Abstract

For library developers, understanding how their Application Programming Interfaces (APIs) are used in the field can be invaluable. Knowing how clients are using their APIs allows for data-driven decisions on prioritising bug reports, feature requests, and testing activities. For example, the priority of a bug report concerning an API can be partly determined by how widely that API is used.

In this paper, we present an empirical study in which we analyse API usage across 21 popular open-source C libraries, such as OpenSSL and SQLite, with a combined total of 3,061 C/C++ clients. We compare API usage by clients with how well library test suites exercise the APIs to offer actionable insights for library developers.
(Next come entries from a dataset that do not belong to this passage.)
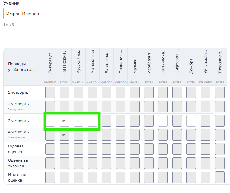2. Внесение оценок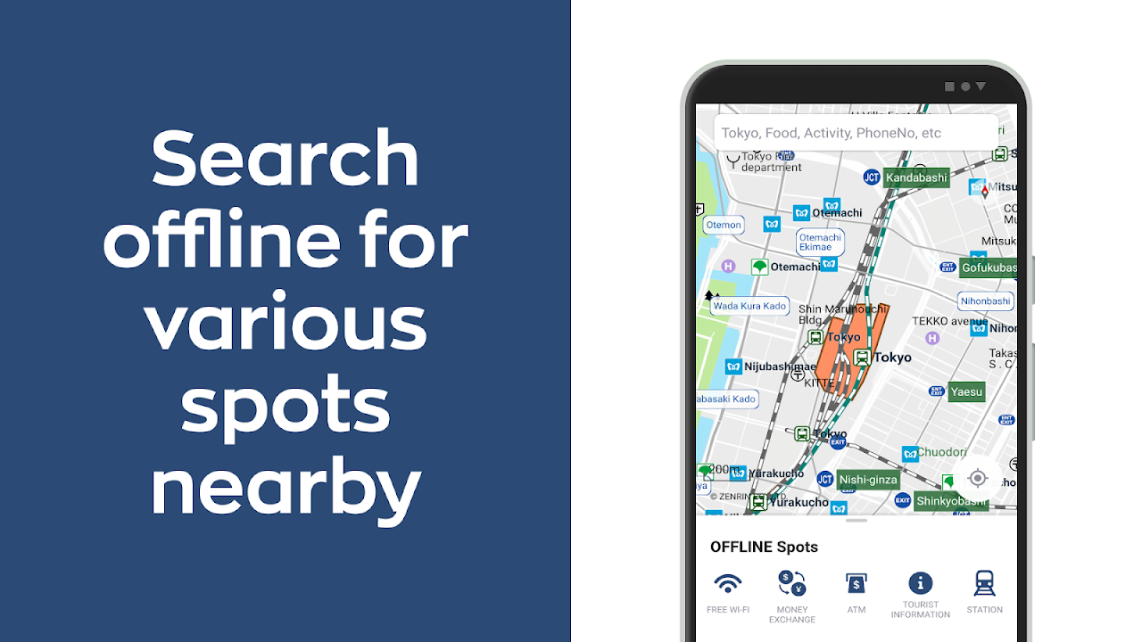 -Search offline for the following spots: Free Wi-Fi hotspots (NTT FREE Wi-Fi, FREESPOT, Starbucks, etc.), currency exchange spots, ATMs, TICs, and train stations.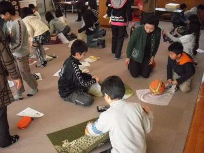 「(バスケットボールを見せて)冬になるとスイカはこんなふうになります。」との説明に子どもたちは、バスケットボールを包んで「スイカはいらんかねぇ。」とたのしそうでした。
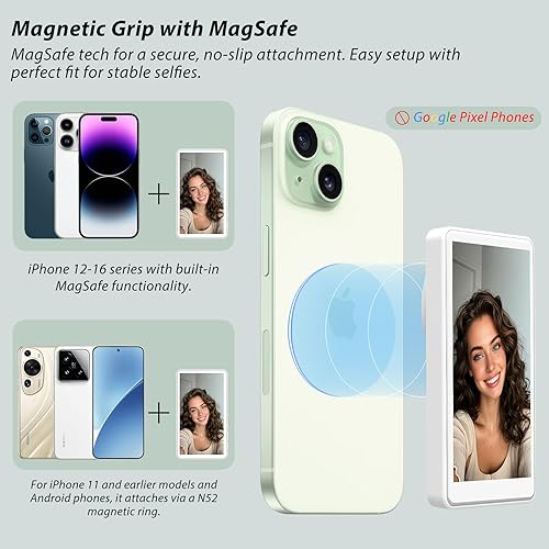 Phone Selfie Monitor Screen for Media Content Creators, Wireless Back Camera Monitor Screen, Compatible for iPhone & Android, Rear Camera for Selfie Vlog Live Stream TikTok, Bluetooth Remote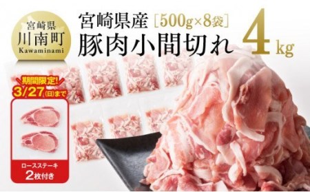 宮崎県川南町 【3月27日までの期間限定】宮崎県産 豚肉 こま切れ 4.0kg + ロースカツ2枚付き 合計4.3kg 【九州産 小間切れ 便利 真空パック 食べやすい トンカツ 肉 豚肉 ぶた肉 】 10,000円 出典:ふるなび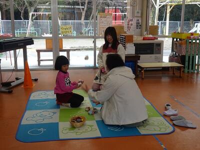 カルタやおてだま、こま回し、けん玉、たこあげ、風船を使った羽子板など、保育室や遊戯室、園庭で楽しそうな声がたくさん聞こえてきました。

To our knowledge, this is the first study that compares API usage and API testing at scale for the C/C++ ecosystem. Our study shows that library developers do not prioritise their effort based on how clients use their API, with popular APIs often poorly tested. For example, in LMDB, a popular key-value store, 45% of the APIs are used by clients but not tested by the library test suite. We further show that client test suites can be leveraged to improve library testing e.g., improving coverage in LMDB by 14.7%—with the important advantage that those tests are representative of how the APIs are used in the field.

For our empirical study, we have developed LibProbe, a framework that can be used to analyse a large corpus of clients for a given library and produce various metrics useful to library developers.